El informe anual de la Junta Internacional de Fiscalización de Estupefacientes (JIFE) correspon­diente a 2013 marca un hito especial: el 45º informe anual de la Junta desde su constitución en 1968 de conformidad con la Convención Única de 1961 sobre Estupefacientes.

Desde entonces han surgido enormes dificultades y se han desplegado considerables esfuerzos para hacer frente al pro­blema mundial de las drogas. Cabe destacar el hecho de que prácticamente todos los Estados se han adherido a la Convención de 1961, lo que ilustra el compromiso de los gobiernos con el prin­cipio de la responsabilidad compartida de asegurar la disponibilidad de estupefacientes para fines médicos y científicos, evitando al mismo tiempo su desviación y uso indebido.
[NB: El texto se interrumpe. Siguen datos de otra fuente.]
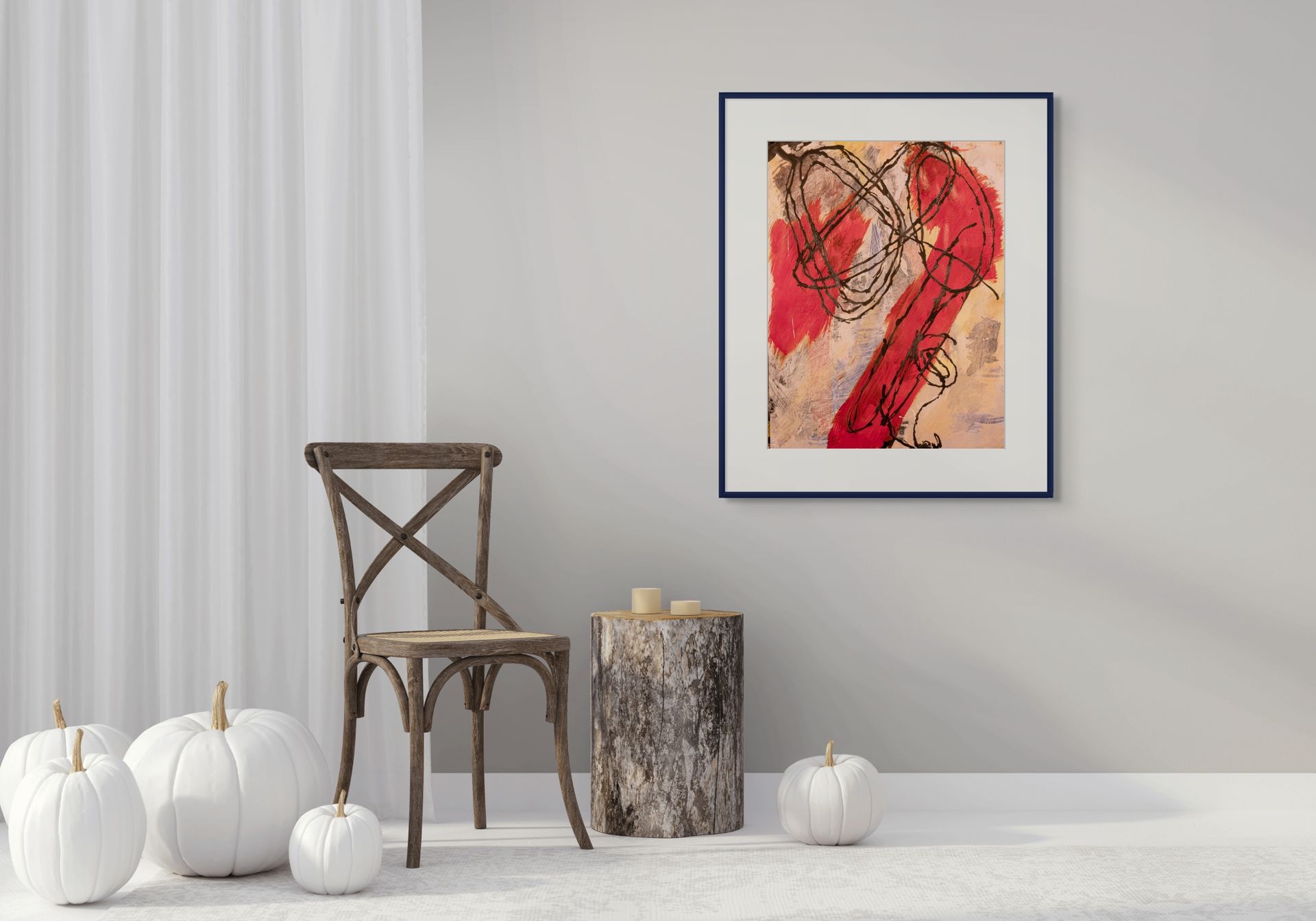 This piece began as an abstract interpretation of a head with unusual eyes—but as the painting evolved, it took on a life of its own. What emerged was far richer and more evocative than I originally imagined. The bold red lines provide a striking focal point, giving the composition its emotional impact, while the layered linework adds both depth and intrigue.

Para afrontar las dificultades que surgieron posteriormente en la labor de fiscalización de drogas, como la necesidad de asegurar la disponibilidad de sustancias sicotrópicas para fines médicos y evitar al mismo tiempo su uso indebido, el uso de sustancias químicas para la fabricación ilícita de estupefacientes y sus­tancias sicotrópicas y el tráfico de drogas, los Estados crearon y aprobaron los otros dos tratados de fiscalización internacional de drogas en vigor hoy día: el Convenio sobre Sustancias Sicotrópicas de 19712 y la Convención de las Naciones Unidas contra el Tráfico Ilícito de Estupefacientes y Sustancias Sicotrópicas.